▶ WHAT IS REQUIRED
In your copy of the listing below, reproduce each word exactly and include no pictures.

▶ DATASET CONTENT
= Beginning of Section =
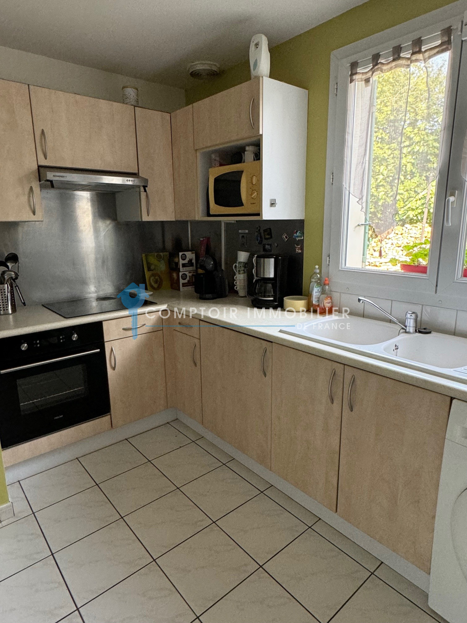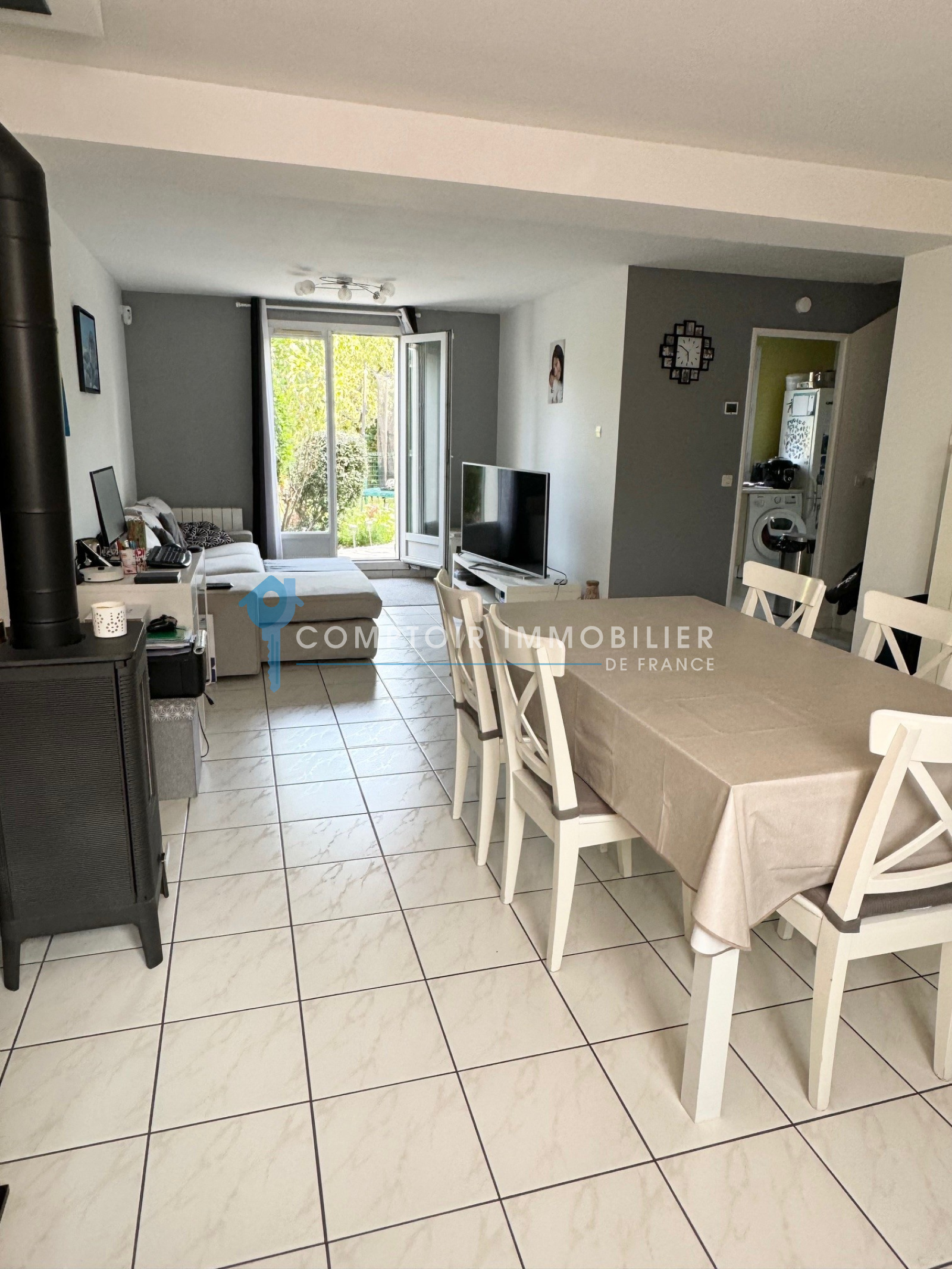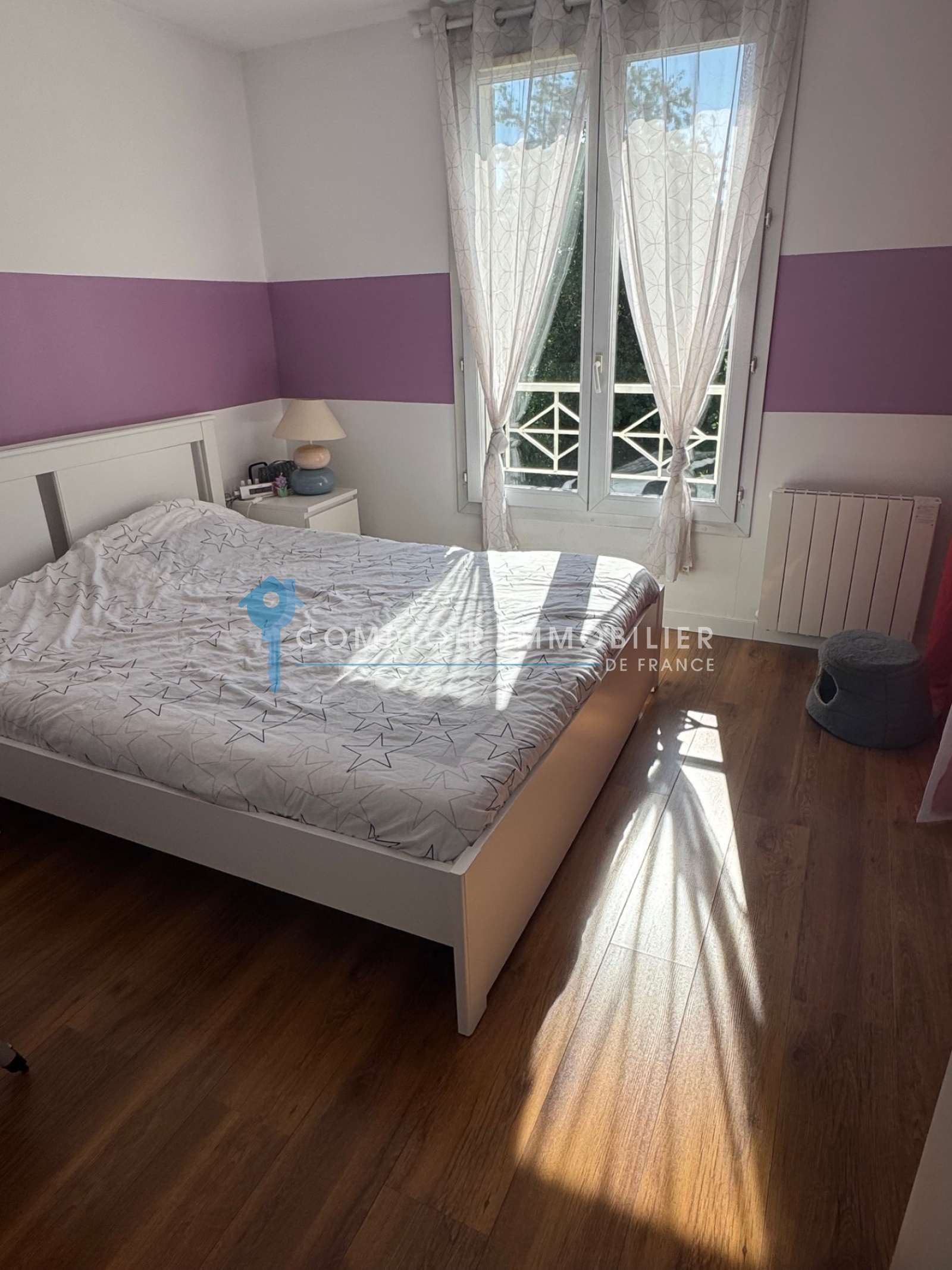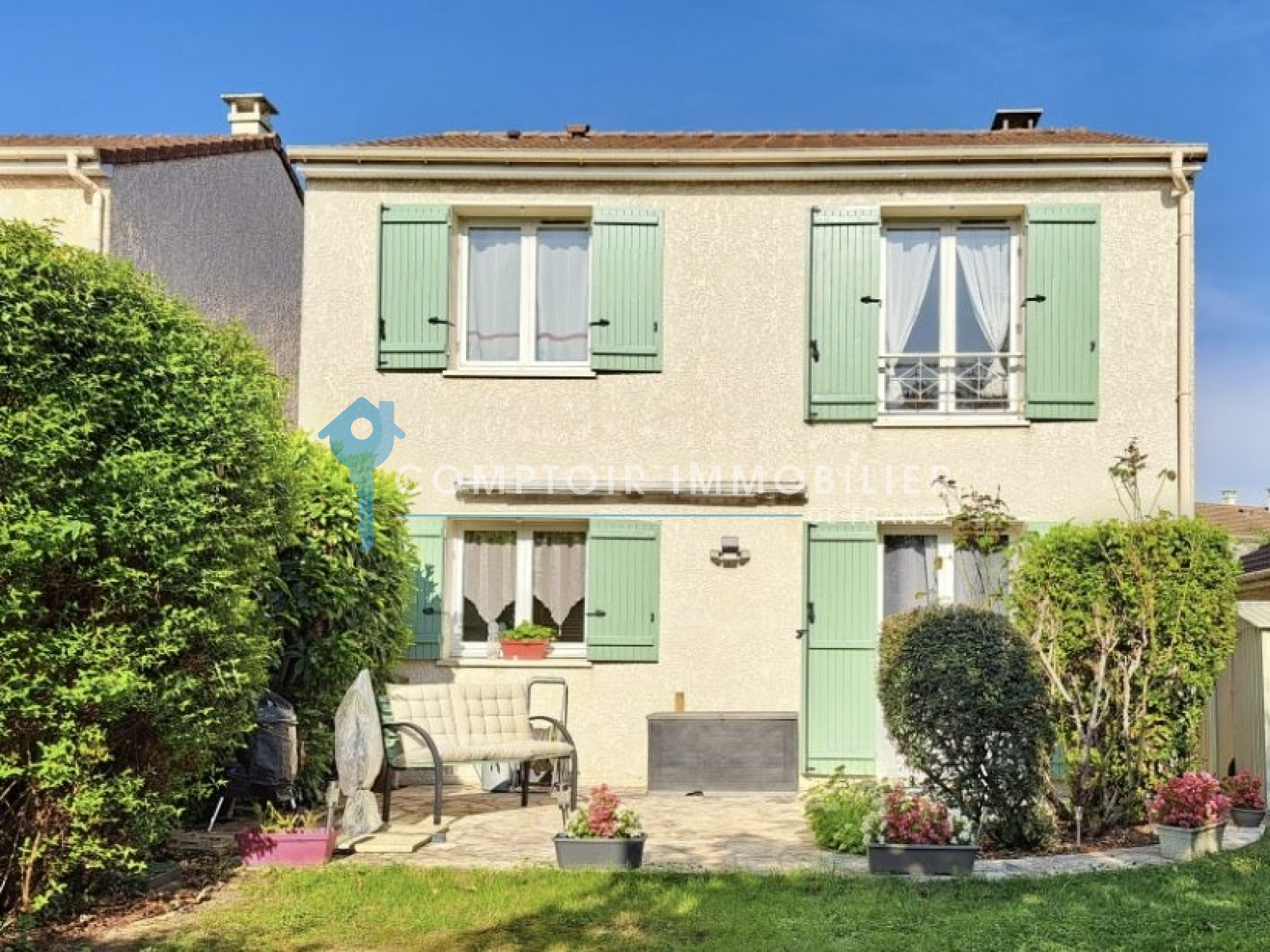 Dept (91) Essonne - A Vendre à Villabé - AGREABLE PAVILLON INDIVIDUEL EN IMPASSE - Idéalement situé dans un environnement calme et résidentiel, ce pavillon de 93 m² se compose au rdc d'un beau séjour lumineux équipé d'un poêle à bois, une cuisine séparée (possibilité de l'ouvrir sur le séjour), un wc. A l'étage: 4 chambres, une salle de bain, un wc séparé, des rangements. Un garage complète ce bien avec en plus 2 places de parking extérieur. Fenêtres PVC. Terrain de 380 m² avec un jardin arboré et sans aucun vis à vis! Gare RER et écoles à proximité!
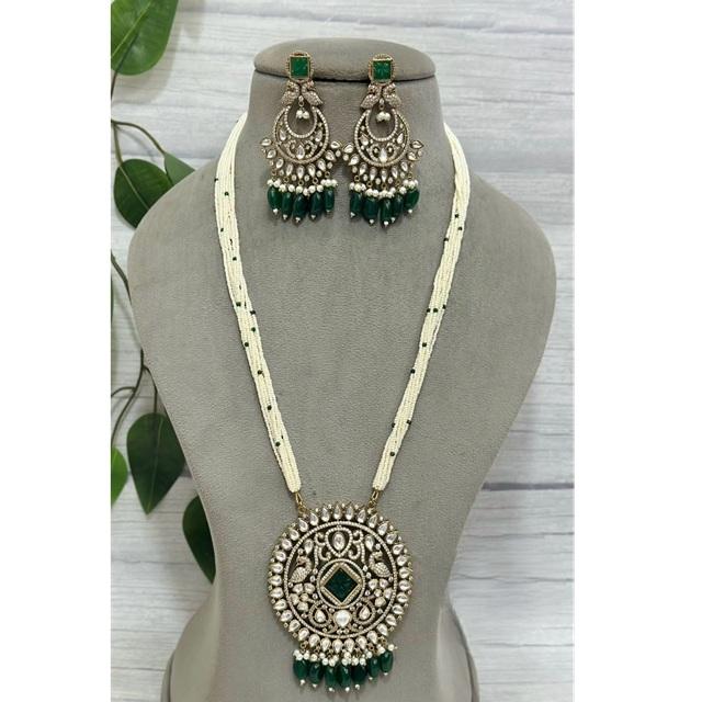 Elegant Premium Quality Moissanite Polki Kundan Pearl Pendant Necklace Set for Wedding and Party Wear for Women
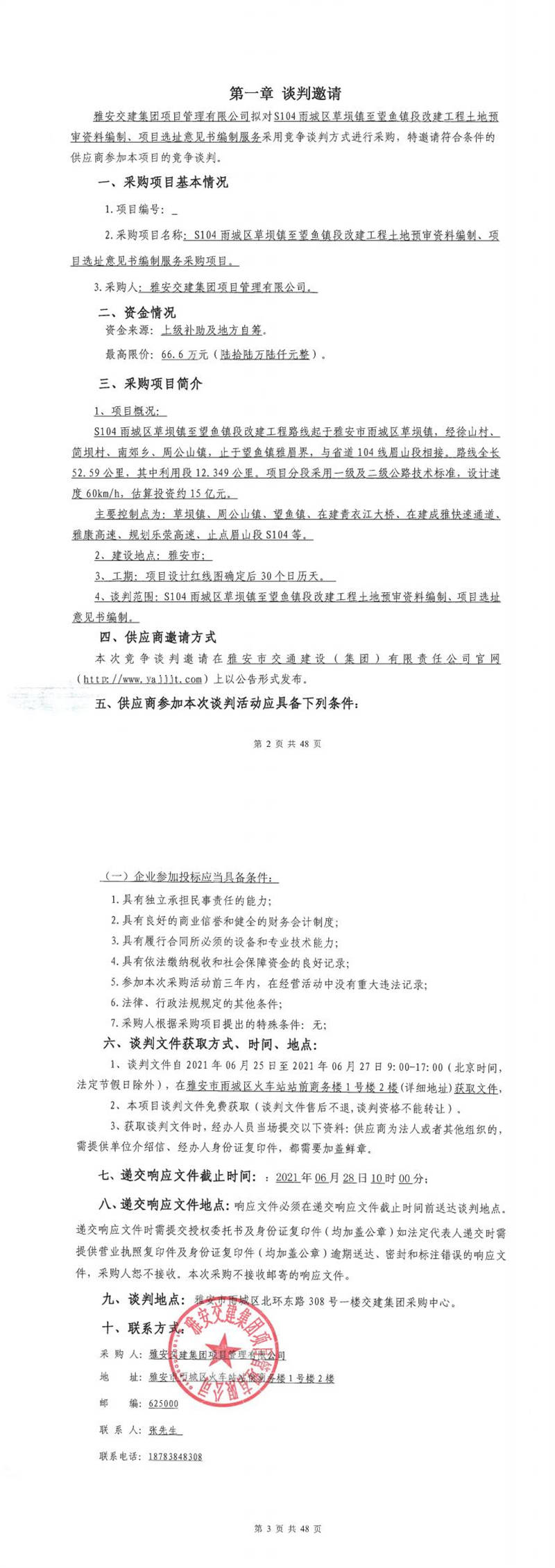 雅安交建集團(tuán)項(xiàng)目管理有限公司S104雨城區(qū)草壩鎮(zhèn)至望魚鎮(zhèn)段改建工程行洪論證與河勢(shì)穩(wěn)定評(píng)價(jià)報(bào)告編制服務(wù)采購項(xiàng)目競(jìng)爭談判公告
= End of Section =
▶ WRITTEN ANSWER
 Dept (91) Essonne - A Vendre à Villabé - AGREABLE PAVILLON INDIVIDUEL EN IMPASSE - Idéalement situé dans un environnement calme et résidentiel, ce pavillon de 93 m² se compose au rdc d'un beau séjour lumineux équipé d'un poêle à bois, une cuisine séparée (possibilité de l'ouvrir sur le séjour), un wc. A l'étage: 4 chambres, une salle de bain, un wc séparé, des rangements. Un garage complète ce bien avec en plus 2 places de parking extérieur. Fenêtres PVC. Terrain de 380 m² avec un jardin arboré et sans aucun vis à vis! Gare RER et écoles à proximité!
 Elegant Premium Quality Moissanite Polki Kundan Pearl Pendant Necklace Set for Wedding and Party Wear for Women
 雅安交建集團(tuán)項(xiàng)目管理有限公司S104雨城區(qū)草壩鎮(zhèn)至望魚鎮(zhèn)段改建工程行洪論證與河勢(shì)穩(wěn)定評(píng)價(jià)報(bào)告編制服務(wù)采購項(xiàng)目競(jìng)爭談判公告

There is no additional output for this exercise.